The PSC for Block P in Equatorial Guinea entitles the Company to receive up to 70% of any future production after royalty deduction so long as there are amounts remaining in the Cost Account. Royalty rates are 10-16% depending on production rates. The Etame Consortium pays the government an allocation of the remaining “profit oil” production from the contract area ranging from 10% to 60% of the crude oil remaining after deducting the royalty and Cost Recovery. The percentage of “profit oil” paid to the government as tax is a function of cumulative production. In addition, Equatorial Guinea imposes a 25% income tax on net profits. The Block P PSC provides for a discovery to be reclassified into a development area with a term of 25 years. At December 31, 2023, the Company has no proved reserves related to Block P in Equatorial Guinea.

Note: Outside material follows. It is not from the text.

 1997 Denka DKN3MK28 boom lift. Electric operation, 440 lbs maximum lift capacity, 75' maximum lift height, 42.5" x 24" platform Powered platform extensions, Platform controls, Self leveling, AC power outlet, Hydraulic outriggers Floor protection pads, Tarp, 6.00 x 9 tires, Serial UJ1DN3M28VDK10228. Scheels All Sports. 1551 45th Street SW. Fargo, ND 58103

Egypt production is based on Dated Brent prices, less a quality differential and is shared with the Egyptian government through PSCs. When the price of oil increases, it takes fewer barrels to recover costs (cost oil or cost recovery barrels) which are assigned 100% to the Company. The PSCs provide for cost recovery per quarter up to a maximum percentage of total production. Timing differences often exist between the Company's recognition of costs and their recovery as the Company accounts for costs on an accrual basis, whereas cost recovery is determined on a cash basis. If the eligible cost recovery is less than the maximum defined cost recovery, the difference is defined as "excess". In Egypt, depending on the PSCs, the Contractor's share of excess ranges between 5% and 15%. If the eligible cost recovery exceeds the maximum allowed percentage, the unclaimed cost recovery is carried forward to the next quarter. Typically maximum cost oil ranges from 25% to 40% in Egypt. The balance of the production after maximum cost recovery is shared with the government (profit oil). Depending on the contract, the Egyptian government receives 67% to 84% of the profit oil. Production sharing splits are set in each contract for the life of the contract.

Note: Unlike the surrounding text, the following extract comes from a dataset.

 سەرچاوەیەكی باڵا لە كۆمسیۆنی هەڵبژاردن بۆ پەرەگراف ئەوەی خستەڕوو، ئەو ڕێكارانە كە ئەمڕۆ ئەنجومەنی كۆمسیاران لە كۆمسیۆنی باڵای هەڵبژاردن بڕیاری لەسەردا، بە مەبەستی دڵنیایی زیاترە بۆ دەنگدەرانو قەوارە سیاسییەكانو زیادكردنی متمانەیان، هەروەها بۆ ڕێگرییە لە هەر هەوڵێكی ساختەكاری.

Under the Modernized Royalty Framework (the “MRF”) in Alberta, producers initially pay a flat royalty of 5% on production revenue from each producing well until payout, which is the point at which cumulative gross revenues from the well equals the applicable drilling and completion cost allowance. After payout, producers pay an increased royalty of up to 40% that will vary depending on the nature of the resource and market prices. Once the rate of production from a well is too low to sustain the full royalty burden, its royalty rate is gradually adjusted downward as production declines, eventually reaching a floor of 5%. The MRF applies to the hydrocarbons produced by wells spud or re-entered on or after January 1, 2017. The Royalty Guarantee Act (Alberta) came into effect in July 2019, amending the Mines and Minerals Act (Alberta) and guaranteeing no major changes to the oil and gas royalty structure for a period of 10 years.
Royalty rates for the production of privately owned oil and natural gas are negotiated between the producer and the resource owner. The Government of Alberta levies annual freehold mineral taxes for production from freehold mineral lands. On average, the tax levied in Alberta is 4% of revenues reported from freehold mineral title properties and is payable by the registered owner of the mineral rights.